In order to manage the complexities of storing produce scientists and commercial industry have developed a number of techniques that inhibit a plant's time keeping mechanism. Several chemicals are known to do this. CIPC, MENA, methyl bromide and malic hydrazide are a few of them and they are widely used on crops such as garlic, potatoes, carrots, onions and so forth. How these compounds disrupt the plant's time keeping mechanism isn't known in detail but some act by damaging plant DNA akin the way in which some anti-cancer drugs work in human medicine. The potency of anti-sprouting agents varies but when combined with proper storage they can add several months to the shelf life of produce. Hence we have unsprouted onions, garlic and potatoes on the shelves in Safeway, even in March.
A final and emerging method for inhibiting garlic sprouting is good ole radiation. Yes, those playful gamma rays are helping in yet another way. Zapping garlic with a Cobalt-60 irradiator seems to be more effective than chemicals and it's cheap. And thanks to the U.S. Department of Agriculture it has been legal to do so since 1986. The USDA has concluded that "an overwhelming body of scientific data from around the world indicate(s) that irradiated food is safe, nutritious and wholesome." You bettcha.

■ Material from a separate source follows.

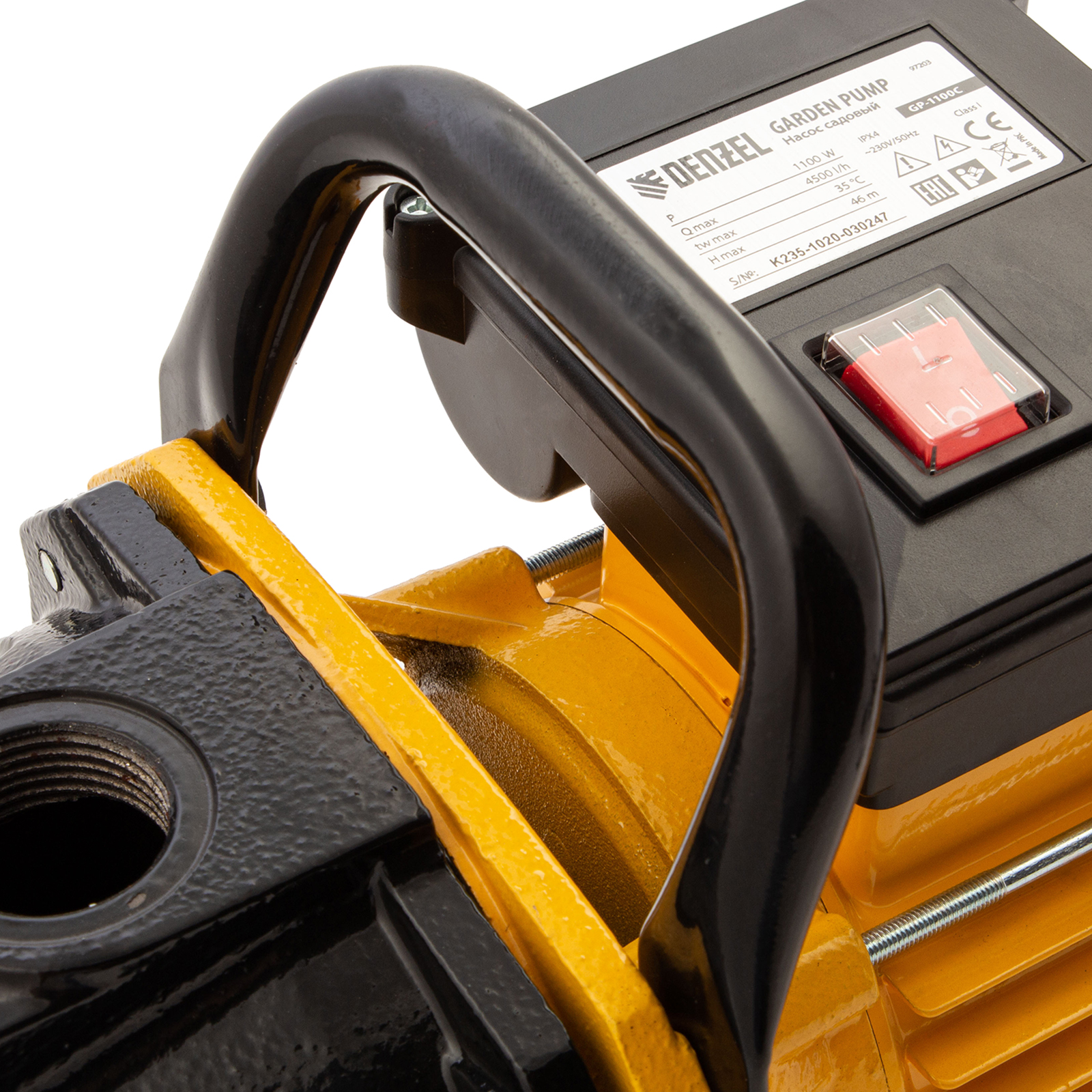 Садовый поверхностный насос Denzel GP1100C 97203 с корпусом насосной части из чугуна, мощностью 1100 Вт и производительностью 4500 л/ч, обеспечивает стабильный напор до 46 м и используется для подъема чистой воды из резервуаров и колодцев с глубины до 8 м. Подходит для организации систем полива на дачном участке и повышения давления в водопроводной системе загородного дома. Высокая производительность позволяет применять насос в системах с большим количеством водоразборных точек.

What I think is "overwhelming clear" is that radiation not safe for garlic. It kills an innate and ancient mechanism that garlic has relied upon for maintaining its life cycle. Less clear to me is whether consuming irradiated food is "safe, nutritious and wholesome." To be fair, I think it is very likely that it is "safe" in the sense that no harm can be demonstrated. But the terms "wholesome" and "nutritious" are loaded with potential meanings that have not been rigorously tested.

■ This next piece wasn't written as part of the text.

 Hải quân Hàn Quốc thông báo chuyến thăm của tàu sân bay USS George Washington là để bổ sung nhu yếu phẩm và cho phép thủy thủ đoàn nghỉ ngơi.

All of these weighty matters bring us to the consideration of my 2006 crop of hard neck garlic and specifically a variety called 'French Germinador.' It is a creole type garlic that has a beautiful purple-splashed outer wrapper. It is a rare garlic outside of Southern France but that is changing thanks to Seed Saver's and similar organizations. I store all of my garlic crop, including Germinador, in suboptimal conditions. I hang it under the cover of a walnut tree to shield it from the sun ("Do") but I make no effort to refrigerate it (that's a "'Do' but I Don't"). So when the Northern California rains commence and the first frost tickles the nose, Germinador's internal clock begins to ring. Rootlets emerge from the bottom of each clove in search of soil and primary leaves shoot up from the tips. By Thanksgiving half of my Germinador crop will have sprouted and the rest is close behind. The soft neck garlics Inchelium and Red Toche will keep longer but they too will begin to sprout near Christmas.

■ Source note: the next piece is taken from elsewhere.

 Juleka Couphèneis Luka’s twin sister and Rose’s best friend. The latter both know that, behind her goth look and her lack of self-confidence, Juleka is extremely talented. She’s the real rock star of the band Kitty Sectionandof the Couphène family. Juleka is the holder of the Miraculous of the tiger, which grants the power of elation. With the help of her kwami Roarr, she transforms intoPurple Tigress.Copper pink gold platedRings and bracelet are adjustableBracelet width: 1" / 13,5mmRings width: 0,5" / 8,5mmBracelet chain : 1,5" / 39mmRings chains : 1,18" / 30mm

I figure that there is a life lesson somewhere in all of this time keeping and sprouting. We can and should defend a harvest's bounty with methods that are simple and natural. They are the "Dos." But we can also chose means that may be more effective but at a cost of destroying a minute and fascinating mechanism of life that we only dimly appreciate. For me, that's a "Don't." True, I may not have "fresh garlic" in March but I have something more valuable and interesting: a living, healthy plant that tells time and reminds me plant them at Thanksgiving.